Missing: Legos (Or, What Happens When Children Steal)

My classroom is like Toys "R" Us.

It's full of everything that a child could possibly want: Legos. Beanbags. Puppets. (Unfortunately, since I teach theatrical design/construction, it's also filled with spraypaint and box cutters. Not to mention thousands of dollars of audio-visual equipment.) It would be difficult for any child with poor impulse control to walk into my classroom and NOT grab everything she could get her hands on.

And sometimes, that happens.

Last week, over $300 worth of Legos were stolen from my classroom. I'm mentioning the price, but that's really not what's important. (After all, my school offered to repurchase all of the kits.) The important part is that my eighth grade students had been working on those kits for almost a month. When they discovered that all of their work had been for nothing, that someone had stolen their Lego constructions in what appeared to be the dead of night, they were incredibly upset -- and I didn't blame them. One of my students vowed to track down the thief and "teach him a lesson." I told him that, no, he couldn't launch his own private investigation and then wreak vigilante justice on the perpetrator.
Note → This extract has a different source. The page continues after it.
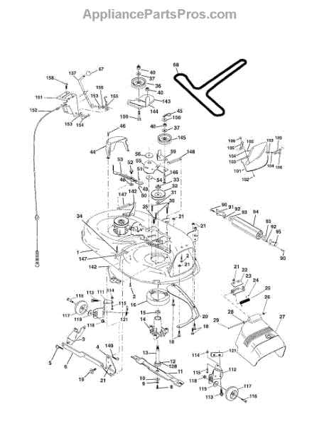 This is a belt guard for use with certain models of riding mower and lawn tractor. The belt guard is situated between the washer and the arm idler. The purpose of the guard is to help guide the belt so that it works properly. They could also help to protect the belts from damage and work as a safety feature.The belt guard is made from durable metal and it is made to last. However, owners might find that they eventually need to replace the piece if it breaks or has other damage. If the belt guard has been bent or if it is corroding, it will not do its job properly. Replacing the guard will require a socket set, wrench set, and a set of pliers.The belt guard can serve as a replacement for many models of riding mowers and tractors from Husqvarna, Weed Eater, Ryobi, Poulan, and Jonsered. The piece is sold individually, and it is an authentic OEM replacement part sourced from the manufacturer.

But I understood his frustration.


(DON'T TOUCH THE LEGOS.)

And I tried my damnedest to recover those Lego kits. I noticed that they were missing during Saturday Boost (our school's Saturday academic enrichment program), so the Boost Coordinator and I found a way to unobtrusively check student backpacks to make sure that no one was smuggling out thousands of Lego parts. No dice. I contemplated other possible methods for Lego recovery. Should we make an auto-dialer call to parents, asking them to check their children's bedrooms for strange and unusual Legos? Should we interrogate all of the students who had Friday after-school detention? Take them into the Dean's office, one-by-one, and see who cracks first? Should we run a covert undercover operation, entrusting a crafty fifth grader to question her peers and find out who was responsible? I dedicated way more mental space than I should have to how we could solve the mystery -- but, at the end of the day, it all just seemed detrimental to classroom culture. While I wanted my students to believe that justice always prevails, I also didn't want my classroom to resemble a McCarthy hearing.

Besides, justice DOESN'T always prevail. And maybe it's better for students to learn that lesson in middle school over stolen Legos than out in the "real world."
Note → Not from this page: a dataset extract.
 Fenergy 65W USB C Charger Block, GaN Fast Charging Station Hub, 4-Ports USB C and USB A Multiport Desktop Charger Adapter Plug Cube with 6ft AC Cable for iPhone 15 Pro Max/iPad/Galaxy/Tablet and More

(Let's all just be glad that no one has stolen the spraypaint yet.)

On the bright side, an incredible coalition of boys volunteered to come in after-school on Friday to help reassemble the Lego dragon. And while they weren't able to finish (or even come close), the fact that they were willing to cut into their weekend time to get this film project off the ground meant a lot to me.

The reality of the situation is that students are going to steal. And lie. And get into fights. Because they're children who are still trying to figure out how to deal with the sticky situations that life tosses at them. They haven't yet developed the skills necessary to cope with frustration, so they respond by stealing a Lego dragon. Or throwing it in the trash. Or maybe hiding it in another classroom. (We haven't figured out exactly what happened yet.) While we teach coping strategies in our classrooms, it takes a while for students to get the hang of using them on a regular basis and presenting themselves like a high school-ready/college-bound scholar. Until then, we have to accept that our fifth and sixth graders are a "work in progress" and that they're sometimes going to make the wrong choices. That's part of growing up, and we need to accept that -- instead of calling our parents and complaining for hours about how we need to lock down detention so that students can't wander the hallways and steal our Legos. It doesn't mean that they're "bad kids" or that they don't like us or our class; it just means that they haven't mastered emotional constancy yet, but they'll get there.

Until then, I'll spend my Friday afternoons sitting in my classroom, sticking together Lego bits and listening to students say things like: "Lego can't really sue us for using their products in a film. After all, if we release our film under parody laws, we should be fine."